» What is needed
Everything from the line containing "Oltre ventimila persone" to the last line of the data below should be copied word for word, and nothing else.

[[ Data shown open ]]

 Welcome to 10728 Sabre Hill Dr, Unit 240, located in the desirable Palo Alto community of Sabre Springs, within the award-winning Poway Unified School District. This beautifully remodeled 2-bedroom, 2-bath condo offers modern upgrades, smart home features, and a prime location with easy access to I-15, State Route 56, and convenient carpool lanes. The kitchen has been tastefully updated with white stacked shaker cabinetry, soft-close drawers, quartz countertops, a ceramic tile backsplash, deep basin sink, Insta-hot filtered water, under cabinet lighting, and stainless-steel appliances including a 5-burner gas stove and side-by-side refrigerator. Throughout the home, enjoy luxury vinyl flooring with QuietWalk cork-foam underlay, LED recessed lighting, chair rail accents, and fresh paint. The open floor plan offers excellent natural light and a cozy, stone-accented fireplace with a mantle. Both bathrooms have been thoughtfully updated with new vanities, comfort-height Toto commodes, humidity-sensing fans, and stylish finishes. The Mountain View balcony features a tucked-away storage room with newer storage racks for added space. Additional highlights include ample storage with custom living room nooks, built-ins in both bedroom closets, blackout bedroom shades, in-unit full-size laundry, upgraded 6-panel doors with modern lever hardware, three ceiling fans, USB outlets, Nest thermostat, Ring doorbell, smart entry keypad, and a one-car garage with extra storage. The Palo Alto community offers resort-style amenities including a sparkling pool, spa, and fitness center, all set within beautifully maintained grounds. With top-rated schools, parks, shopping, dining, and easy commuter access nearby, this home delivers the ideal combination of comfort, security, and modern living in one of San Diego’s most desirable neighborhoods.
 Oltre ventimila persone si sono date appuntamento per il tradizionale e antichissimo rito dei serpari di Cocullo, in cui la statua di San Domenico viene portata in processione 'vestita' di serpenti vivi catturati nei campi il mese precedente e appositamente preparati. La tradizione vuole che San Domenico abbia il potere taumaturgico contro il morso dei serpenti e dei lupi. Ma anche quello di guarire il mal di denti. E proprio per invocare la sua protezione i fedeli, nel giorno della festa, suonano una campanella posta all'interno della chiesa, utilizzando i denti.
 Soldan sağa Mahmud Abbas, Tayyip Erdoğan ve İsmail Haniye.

[[ Data shown closed ]]

» Written answer
 Oltre ventimila persone si sono date appuntamento per il tradizionale e antichissimo rito dei serpari di Cocullo, in cui la statua di San Domenico viene portata in processione 'vestita' di serpenti vivi catturati nei campi il mese precedente e appositamente preparati. La tradizione vuole che San Domenico abbia il potere taumaturgico contro il morso dei serpenti e dei lupi. Ma anche quello di guarire il mal di denti. E proprio per invocare la sua protezione i fedeli, nel giorno della festa, suonano una campanella posta all'interno della chiesa, utilizzando i denti.
 Soldan sağa Mahmud Abbas, Tayyip Erdoğan ve İsmail Haniye.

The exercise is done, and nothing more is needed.